---
title: "Notification Routing Agent: Intelligent Alert Triage and Delivery Channel Selection"
description: "Build an AI agent that classifies incoming alerts by urgency and type, selects the optimal delivery channel for each notification, bundles related alerts to reduce noise, and ensures critical issues reach the right people immediately."
canonical: https://callsphere.ai/blog/notification-routing-agent-intelligent-alert-triage-delivery
category: "Learn Agentic AI"
tags: ["Notification Routing", "AI Agents", "Alert Triage", "Workflow Automation", "Python", "DevOps"]
author: "CallSphere Team"
published: 2026-03-17T00:00:00.000Z
updated: 2026-05-06T01:02:43.751Z
---

# Notification Routing Agent: Intelligent Alert Triage and Delivery Channel Selection

> Build an AI agent that classifies incoming alerts by urgency and type, selects the optimal delivery channel for each notification, bundles related alerts to reduce noise, and ensures critical issues reach the right people immediately.
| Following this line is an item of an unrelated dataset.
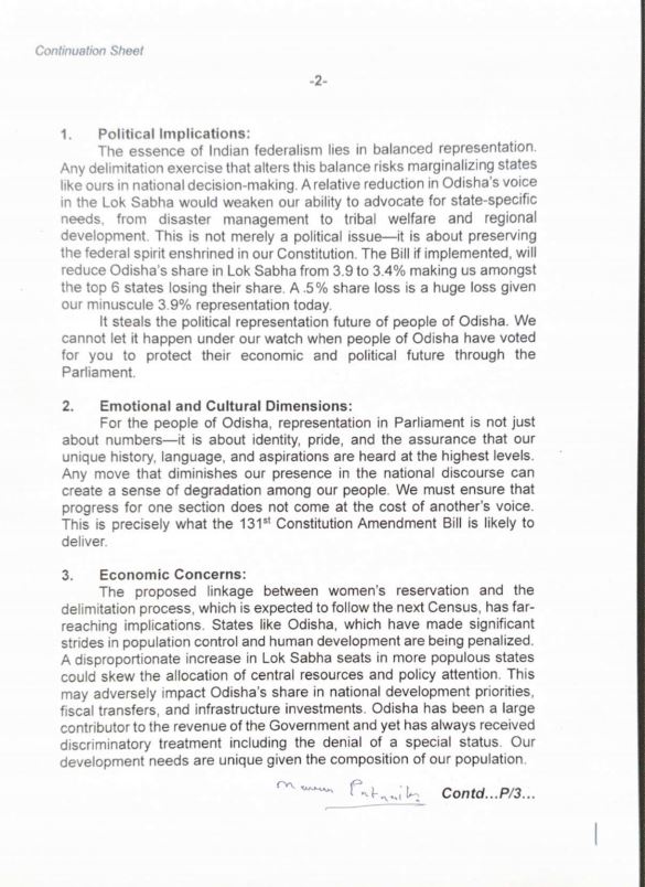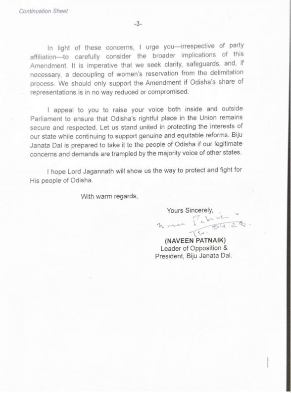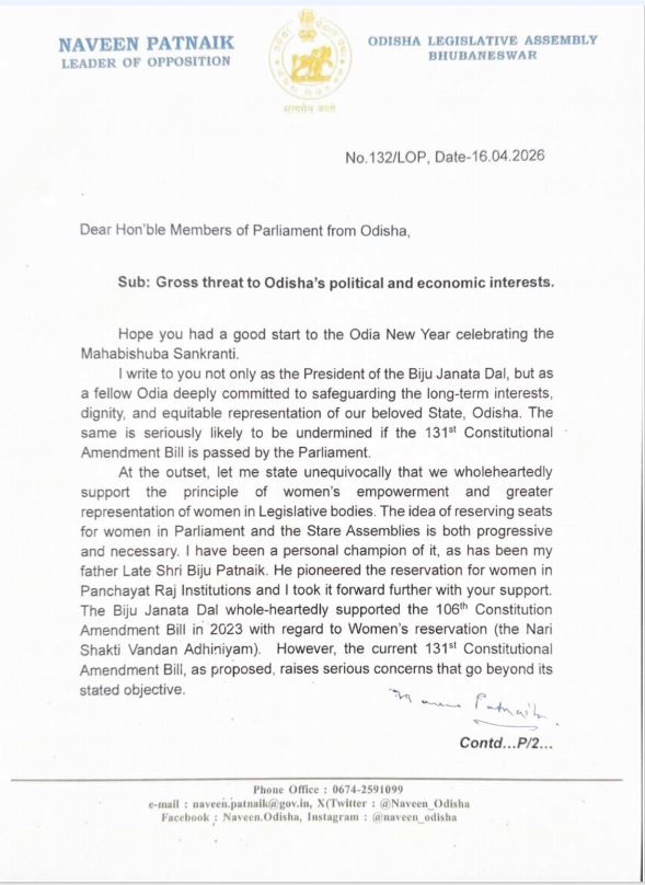 କେନ୍ଦ୍ର ସରକାରଙ୍କ ସୀମା ପୁନଃନିର୍ଦ୍ଧାରଣ ବିଲକୁ ଜୋରଦାର ବିରୋଧ କରିଛି । ଏହାକୁ ନେଇ ରାଜ୍ୟର ସବୁ ସାଂସଦଙ୍କୁ ଚିଠି ଲେଖିଛନ୍ତି ବିଜେଡି ସୁପ୍ରିମୋ ନବୀନ ପଟ୍ଟନାୟକ । ୧୩୧ତମ ସମ୍ବିଧାନ ସଂଶୋଧନ ପ୍ରସଙ୍ଗ ଉଠାଇ ଚିଠି ଲେଖିଥିବା ଜଣାପଡ଼ିଛି । ରାଜ୍ୟର ସ୍ୱାର୍ଥ ପାଇଁ ସଂସଦରେ ମଧ୍ୟ ଏହାକୁ ବିରୋଧ କରିବାକୁ ସମସ୍ତ ଦଳର ସାଂସଦ ମାନଙ୍କୁ ଚିଠି ଲେଖିଛନ୍ତି ବିରୋଧୀ ଦଳ ନେତା ନବୀନ ପଟ୍ଟନାୟକ । ନବୀନ ଚିଠିରେ ଉଲ୍ଲେଖ କରିଛନ୍ତି ଯେ ଯଦି ୧୩୧ତମ ସମ୍ବିଧାନ ସଂଶୋଧନ ବିଲ୍ ସଂସଦରେ ଗୃହୀତ ହୁଏ, ତେବେ ଓଡ଼ିଶାର ଦୀର୍ଘକାଳୀନ ସ୍ୱାର୍ଥ, ଗୌରବ ଏବଂ ସମାନ ଗମ୍ଭୀର ଭାବରେ କ୍ଷୁର୍ଣ୍ଣ ହେବାର ସମ୍ଭାବନା ଅଛି । ମହିଳା ସଶକ୍ତିକରଣ ଏବଂ ବିଧାନସଭାରେ ମହିଳାମାନଙ୍କର ଅଧିକ ପ୍ରତିନିଧିତ୍ୱ ନୀତିକୁ ପୂର୍ଣ୍ଣ ହୃଦୟରେ ସମର୍ଥନ କରୁଛୁ । ସଂସଦ ଏବଂ ବିଧାନସଭାରେ ମହିଳାମାନଙ୍କ ପାଇଁ ସ୍ଥାନ ସଂରକ୍ଷଣର ଧାରଣା ପ୍ରଗତିଶୀଳ ଏବଂ ଆବଶ୍ୟକ । ୨୦୨୩ରେ ବିଜେଡ଼ି ମହିଳା ସଂରକ୍ଷଣ (ନାରୀ ଶକ୍ତି ବନ୍ଦନ ଅଧିନିୟମ) ସମ୍ପର୍କରେ ୧୦୬ତମ ସମ୍ବିଧାନ ସଂଶୋଧନ ବିଲ୍ କୁ ପୂର୍ଣ୍ଣ ହୃଦୟରେ ସମର୍ଥନ କରିଥିଲା। କିନ୍ତୁ ପ୍ରସ୍ତାବିତ ୧୩୧ତମ ସମ୍ବିଧାନ ସଂଶୋଧନ ବିଲ୍ ଗମ୍ଭୀର ଚିନ୍ତାର କାରଣ ପାଲଟିଛି । ଏହା ରାଜ୍ୟ ଉପରେ ରାଜନୈତିକ, ସାଂସ୍କୃତିକ ଓ ଆର୍ଥିକ ପ୍ରଭାବ ପକାଇବ । ଲୋକସଭାରେ ଓଡ଼ିଶାର ସ୍ୱର ଆପେକ୍ଷିକ ହ୍ରାସ ପାଇବ । ବିପର୍ଯ୍ୟୟ ପରିଚାଳନା ଠାରୁ ଆରମ୍ଭ କରି ଆଦିବାସୀ କଲ୍ୟାଣ ଏବଂ ଆଞ୍ଚଳିକ ବିକାଶ ପର୍ଯ୍ୟନ୍ତ ରାଜ୍ୟ-ନିର୍ଦ୍ଦିଷ୍ଟ ଆବଶ୍ୟକତା ପାଇଁ ସମର୍ଥନ କରିବାର ଆମର କ୍ଷମତାକୁ ଦୁର୍ବଳ କରିଦେବ। ଏହା କେବଳ ଏକ ରାଜନୈତିକ ପ୍ରସଙ୍ଗ ନୁହେଁ । ଏହା ଆମ ସମ୍ବିଧାନରେ ନିହିତ ସଂଘୀୟ ଭାବନାକୁ ସଂରକ୍ଷଣ କରିବା ପ୍ରସଙ୍ଗ ଅଟେ । ଯଦି ଏହି ବିଲ୍ କାର୍ଯ୍ୟକାରୀ ହୁଏ, ତେବେ ଲୋକସଭାରେ ଓଡ଼ିଶାର ଅଂଶ ୩.୯ ରୁ ୩.୪%କୁ ହ୍ରାସ ପାଇବ ଏବଂ ଆମକୁ ସେମାନଙ୍କର ଅଂଶ ହରାଇଥିବା ଶ୍ରେଷ୍ଠ ୬ଟି ରାଜ୍ୟ ମଧ୍ୟରେ ସାମିଲ କରାଯିବ । ଆଜି ଆମର ସର୍ବନିମ୍ନ ୩.୯% ପ୍ରତିନିଧିତ୍ୱକୁ ଦେଖିଲେ ୫ ପ୍ରତିଶତ ଅଂଶ ହ୍ରାସ ଏକ ବିରାଟ କ୍ଷତି। ଜାତୀୟ ଆଲୋଚନାରେ ଆମର ଉପସ୍ଥିତିକୁ ହ୍ରାସ କରୁଥିବା ଯେକୌଣସି ପଦକ୍ଷେପ ଆମ ଲୋକଙ୍କ ମଧ୍ୟରେ ଅବନତିର ଭାବନା ସୃଷ୍ଟି କରିପାରେ। ଜନସଂଖ୍ୟା ନିୟନ୍ତ୍ରଣ ଏବଂ ମାନବ ବିକାଶରେ ଗୁରୁତ୍ୱପୂର୍ଣ୍ଣ ଅଗ୍ରଗତି କରିଥିବା ଓଡ଼ିଶା ଭଳି ରାଜ୍ୟଗୁଡ଼ିକୁ ଦଣ୍ଡିତ କରାଯାଉଛି । ଏହା ଜାତୀୟ ବିକାଶ ପ୍ରାଥମିକତା, ଆର୍ଥିକ ସ୍ଥାନାନ୍ତର ଏବଂ ଭିତ୍ତିଭୂମି ନିବେଶରେ ଓଡ଼ିଶାର ଅଂଶ ଉପରେ ପ୍ରତିକୂଳ ପ୍ରଭାବ ପକାଇବ । ତେଣୁ ଦଳଗତ ନିର୍ବିଶେଷରେ ଏହି ସଂଶୋଧନର ବ୍ୟାପକ ପ୍ରଭାବକୁ ସାବଧାନତାର ସହ ବିଚାର କରିବାକୁ ନବୀନ ଚିଠି ଜରିଆରେ ଅନୁରୋଧ କରିଛନ୍ତି । ସ୍ପଷ୍ଟତା, ସୁରକ୍ଷା ଏବଂ ଆବଶ୍ୟକ ହେଲେ, ସୀମା ନିର୍ଦ୍ଧାରଣ ପ୍ରକ୍ରିୟାରୁ ମହିଳା ସଂରକ୍ଷଣକୁ ଅଲଗା କରିବା ଅତ୍ୟନ୍ତ ଜରୁରୀ। ଯଦି ଓଡ଼ିଶାର ପ୍ରତିନିଧିତ୍ୱ ଅଂଶ କୌଣସି ପ୍ରକାରେ ହ୍ରାସ ନ ହୁଏ ତେବେ ଆମକୁ ସଂଶୋଧନ ବିଲକୁ ସମର୍ଥନ କରିବାକୁ ପଡ଼ିବ । ଯଦି ଓଡ଼ିଶାର ପ୍ରତିନିଧିତ୍ବ କମୁନି ତାହେଲେ ସଂଶୋଧନକୁ ସମର୍ଥନ ଉଚିତ । କେନ୍ଦ୍ରରେ ଓଡ଼ିଶା ଅଧିକାର ପାଇଁ ସଂସଦ ଭିତରେ ଓ ବାହାରେ ସ୍ବର ଉଠାନ୍ତ

## Alert Fatigue Is a Real Problem

Modern systems generate an overwhelming volume of notifications. Monitoring tools fire alerts, CI/CD pipelines report failures, customer support tickets arrive, security scanners flag vulnerabilities, and business dashboards trigger threshold warnings. When everything buzzes, nothing stands out. Alert fatigue leads to missed critical issues because the important signals are buried under noise.

A notification routing agent solves this by classifying each alert, determining its true urgency, selecting the right delivery channel, and bundling related alerts to reduce interruption volume.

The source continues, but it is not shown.